→ Provided material:
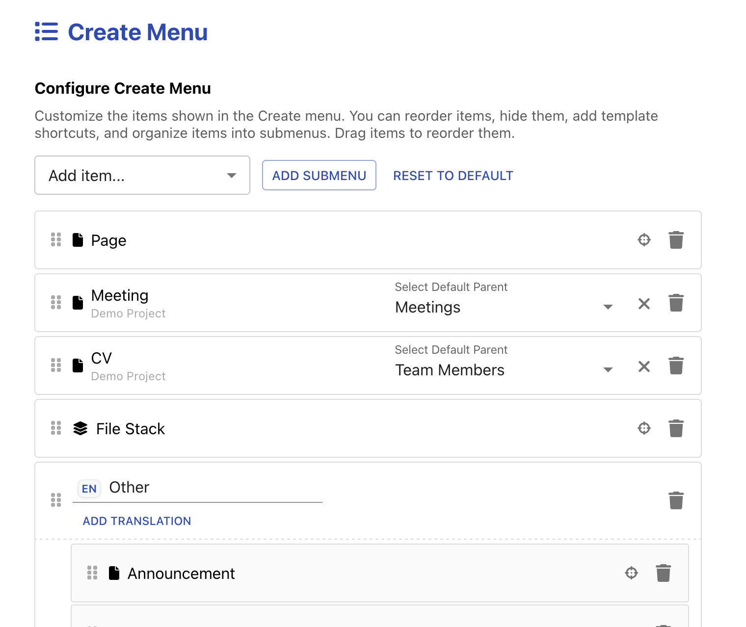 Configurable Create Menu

---

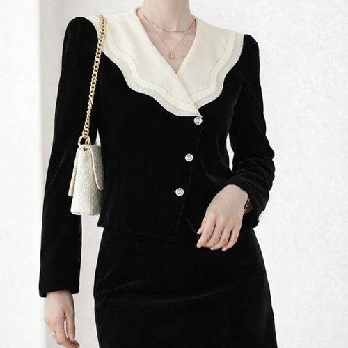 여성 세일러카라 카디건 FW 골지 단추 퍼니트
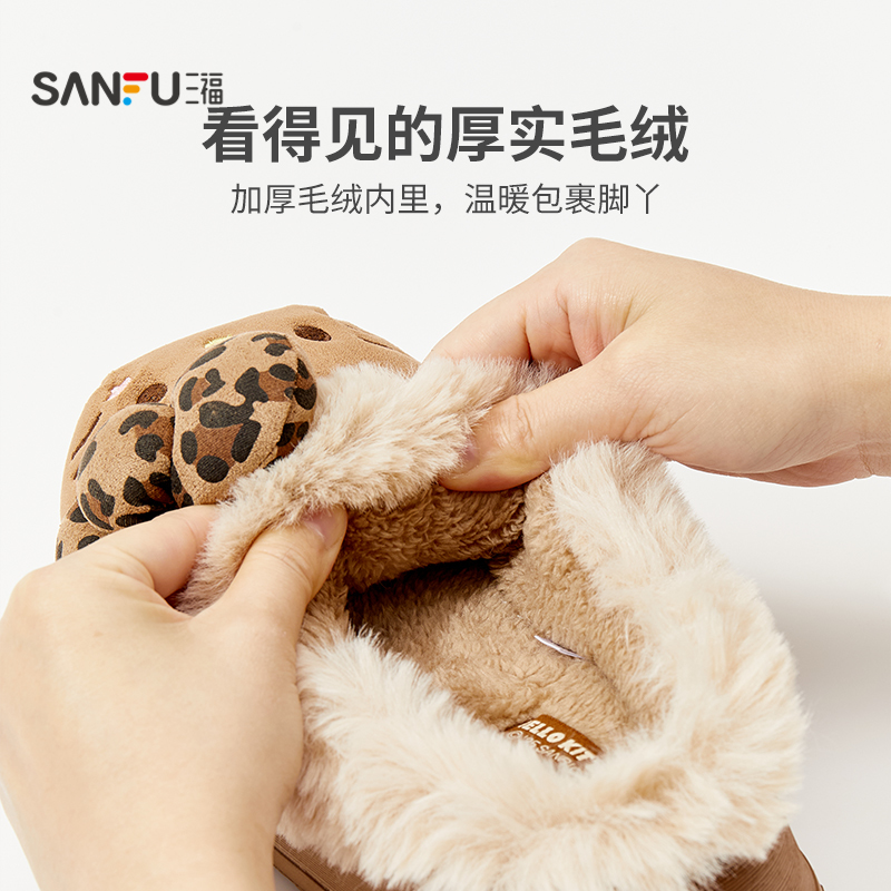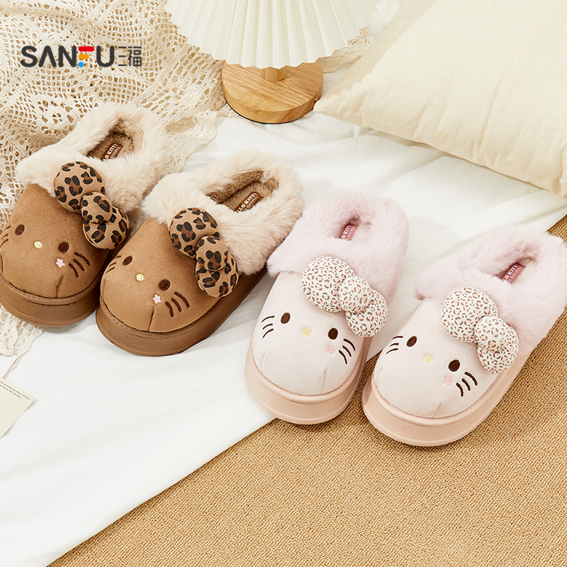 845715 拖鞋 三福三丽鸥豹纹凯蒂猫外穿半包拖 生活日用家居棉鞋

---

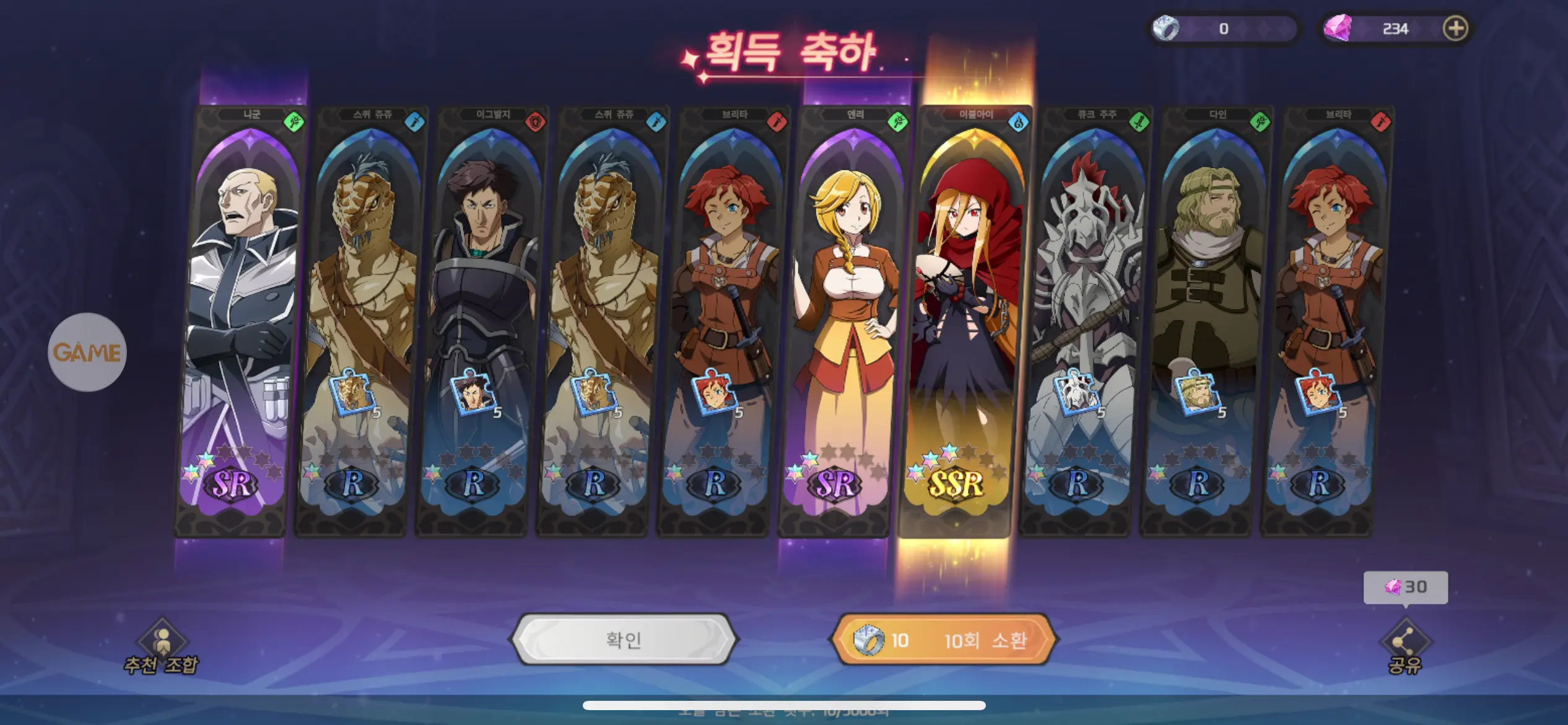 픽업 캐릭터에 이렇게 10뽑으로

→ Work instructions: The copy should hold exactly the lines above from the one with "여성 세일러카라 카디건 FW 골지 단추 퍼니트" through the one with "845715 拖鞋 三福三丽鸥豹纹凯蒂猫外穿半包拖 生活日用家居棉鞋", both ends counted, and no pictures at all.

→ Problem solution:
 여성 세일러카라 카디건 FW 골지 단추 퍼니트
 845715 拖鞋 三福三丽鸥豹纹凯蒂猫外穿半包拖 生活日用家居棉鞋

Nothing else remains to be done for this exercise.